Instructions for the task ->
Give the data again exactly, without its images.

Material provided ->
****

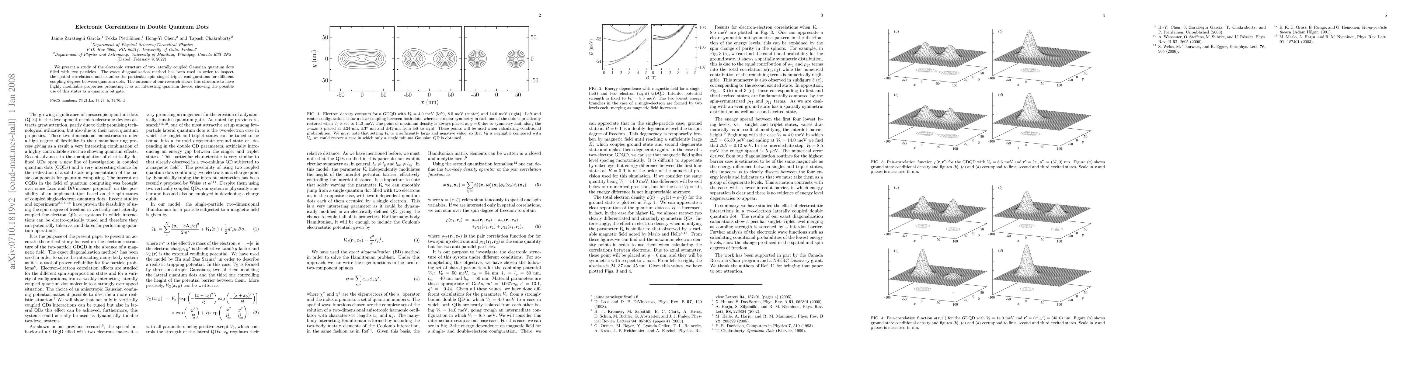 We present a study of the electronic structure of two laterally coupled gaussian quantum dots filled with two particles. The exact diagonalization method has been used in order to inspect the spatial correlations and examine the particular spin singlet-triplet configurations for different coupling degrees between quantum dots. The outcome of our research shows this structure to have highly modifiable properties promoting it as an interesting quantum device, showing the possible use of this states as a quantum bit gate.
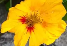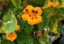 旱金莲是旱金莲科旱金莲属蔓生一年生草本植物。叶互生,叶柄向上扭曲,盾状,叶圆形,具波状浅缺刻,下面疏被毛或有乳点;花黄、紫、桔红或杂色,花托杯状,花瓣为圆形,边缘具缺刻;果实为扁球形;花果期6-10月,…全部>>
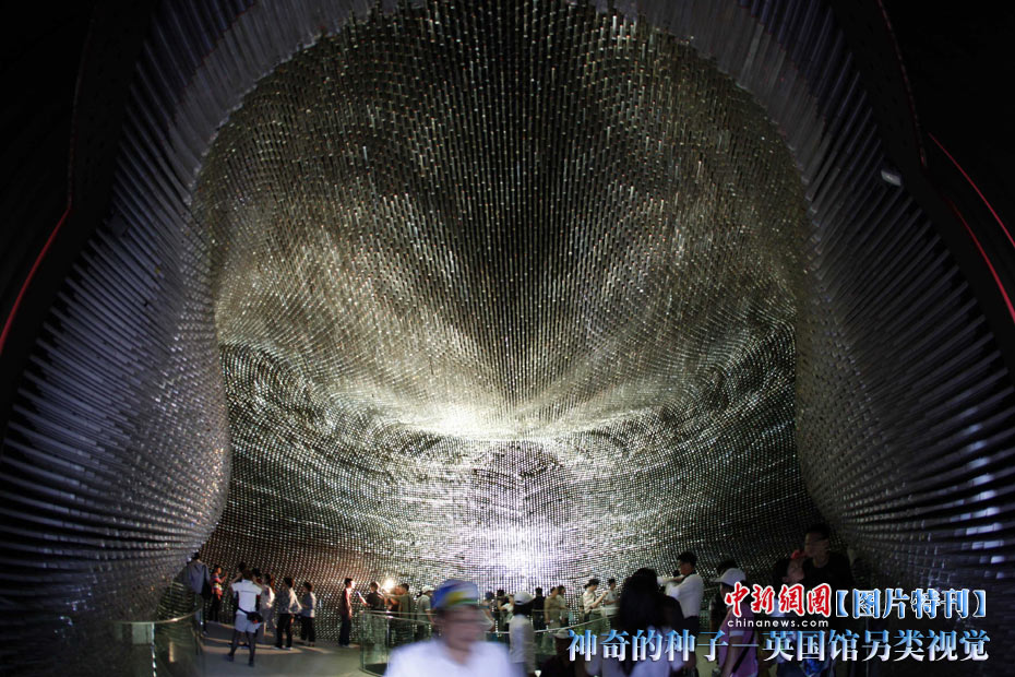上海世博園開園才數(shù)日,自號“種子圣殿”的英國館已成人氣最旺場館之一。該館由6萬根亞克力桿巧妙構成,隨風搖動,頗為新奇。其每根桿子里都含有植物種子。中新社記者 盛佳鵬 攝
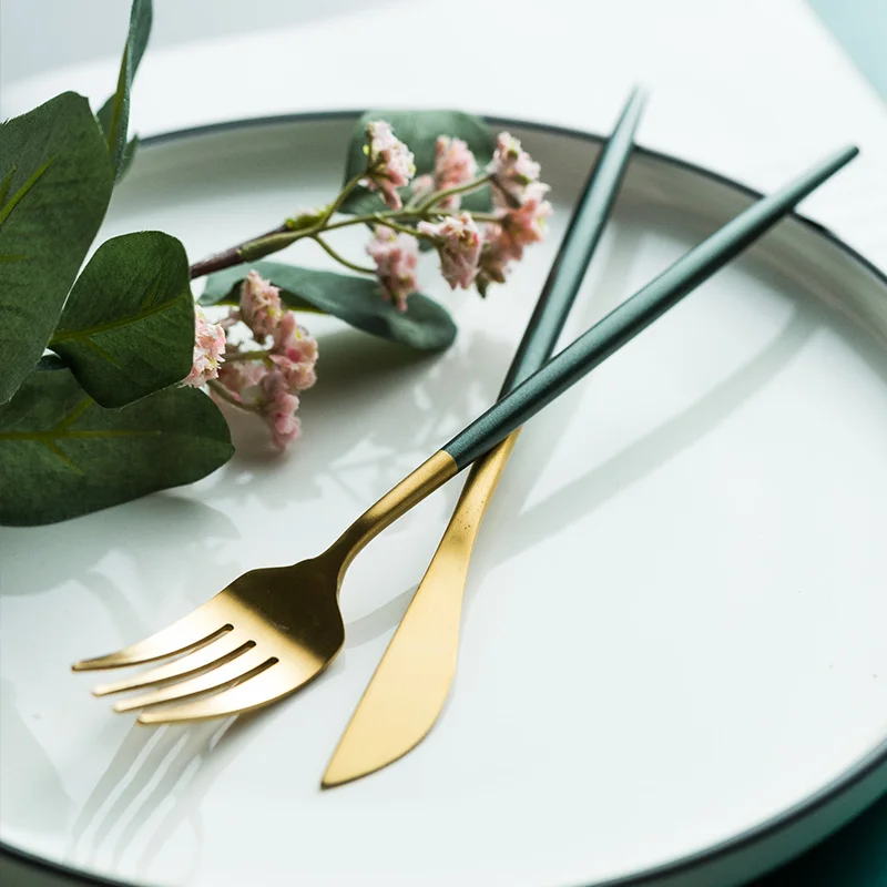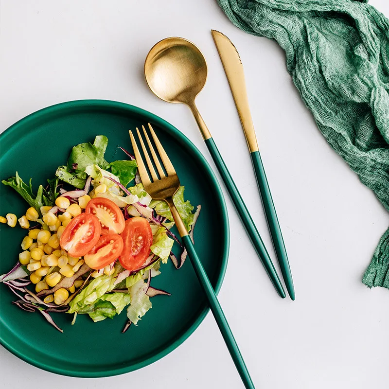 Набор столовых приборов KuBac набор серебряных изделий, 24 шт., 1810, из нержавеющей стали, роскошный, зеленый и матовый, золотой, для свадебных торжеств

****

Your solution ->
 We present a study of the electronic structure of two laterally coupled gaussian quantum dots filled with two particles. The exact diagonalization method has been used in order to inspect the spatial correlations and examine the particular spin singlet-triplet configurations for different coupling degrees between quantum dots. The outcome of our research shows this structure to have highly modifiable properties promoting it as an interesting quantum device, showing the possible use of this states as a quantum bit gate.
 旱金莲是旱金莲科旱金莲属蔓生一年生草本植物。叶互生,叶柄向上扭曲,盾状,叶圆形,具波状浅缺刻,下面疏被毛或有乳点;花黄、紫、桔红或杂色,花托杯状,花瓣为圆形,边缘具缺刻;果实为扁球形;花果期6-10月,…全部>>
上海世博園開園才數(shù)日,自號“種子圣殿”的英國館已成人氣最旺場館之一。該館由6萬根亞克力桿巧妙構成,隨風搖動,頗為新奇。其每根桿子里都含有植物種子。中新社記者 盛佳鵬 攝
 Набор столовых приборов KuBac набор серебряных изделий, 24 шт., 1810, из нержавеющей стали, роскошный, зеленый и матовый, золотой, для свадебных торжеств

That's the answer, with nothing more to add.